Shortly before he dies from the effects of the heart attack, he adds a condition to his will, prompted by a devious priest, that will split his $200 million fortune between his two children and the gardener, but there's a catch; Sonny or Bitsy must have a child through heterosexual intercourse in the next year, and if they don't, then the money goes to the church.

==Cast==
- Allan Arbus as Vincent
- Robert Downey Jr. as Reed Richmond
- Howard Duff as O. M.
- Laura Ernst as Susan
- Lara Harris as Sister Ursula
- Jim Haynie as Father Kelly
- James Hong as Frank Sr.
- John Ide as Yacht Captain
- Eric Idle as Sonny
- Marin Kanter as Tiny Nun
- Jon Korkes as Fuzby Robinson
- Ralph Macchio as Frank Jr.
- Christopher Mankiewicz as the mailman
- Andrea Martin as Bitsy
- Leo Rossi as George
- Jennifer Rubin as Gracia
- Cara Sherman as Waitress
- Heidi Swedberg as Sister Agnes

==Background and production==
Director Downey said he wanted to make a funny movie that didn't "stoop to cheap shots about gays, but also keep it believable." He recalls one scene that went too far and had to be taken out; "Idle swishes by and tosses off a lewd double entendre about lesbian sex." Downey claimed that at test screenings, gays and lesbians "are happy with the results, and said, thank god, there's some laughter." He also recalled when they were shopping the script around, they met multiple people who believed that with the AIDS crisis going on, a "movie with gays wasn't commercial; we had to have big names to get this film made." According to Downey, one of those big names was Alan Arkin, who was scheduled to play the priest in the film, but he was unavailable to do it. Regardless, he said it was Arkin and his sons name that helped "sell the movie to distributors in the first place."

==Reception==
Kevin Thomas, reviewing for The Los Angeles Times, gave the film a negative review: "something that might have been made by a band of thumb-nosing high school students... a nasty business that lays waste to its large, gifted and game cast". Peter Travers summed up his review for Rolling Stone, "Downey has become what every true satirist fears most: outdated."

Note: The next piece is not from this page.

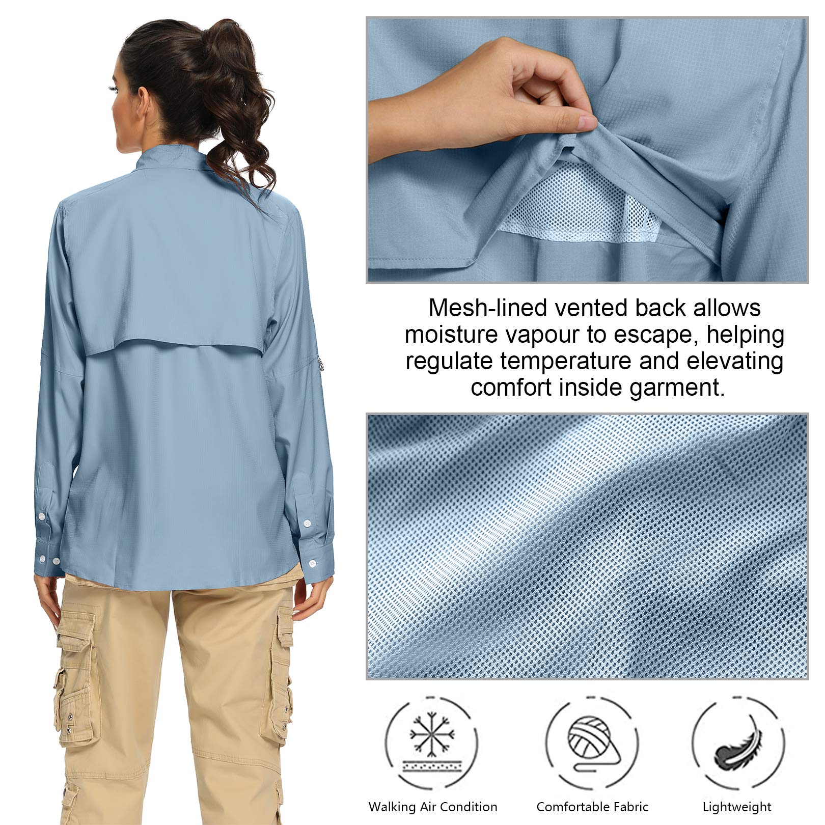 - Women’s lightweight safari shirts features a mesh-lined vented back for breathability and comfort. Roll-up sleeves to convert long sleeves to short sleeves for hot days.

Karl Soehnlein of OutWeek wrote that "gays and lesbians may take the spotlight on the screen, but we seem to have been overlooked as potential audience members." Overall, he concluded that "there's very little a queer viewer will gain from watching this film". Film critic Vincent Canby stated it is a "comedy of loosely strung together farcical situations that, played at half speed, elicit more good will than sustained laughter; much of the comedy, avoids good taste like the plague."

Critic Mick LaSalle said the film "turns out to be more than a disappointment, it's a disaster and a joyless laughless experience." Overall, he opined that "this is a mess, with a group of undefined characters inconsistently following the whims of a confused screenplay." Ralph Novak from People Magazine wrote that it is an "insipid film with a lamebrain script". He went on to say that Ralph Macchio, has a "comedy touch that brings to mind a wrecking ball hitting a tree house; even Idle and Martin seem desperate."

Riese Bernard of Autostraddle was not impressed, writing that "this film is not a hidden gem, it is a shame, and therefore hidden on purpose; it's not simply terrible, it is a stain upon humanity; it is a farce without whimsy, an aggressively unfunny comedy and an allegedly LGBT-inclusive film riddled with really fucked up jokes." Bernard concluded that "its badness is inescapable, like a rotting tuna sandwich in a parked car on a hot day; a day, perhaps, with too much sun."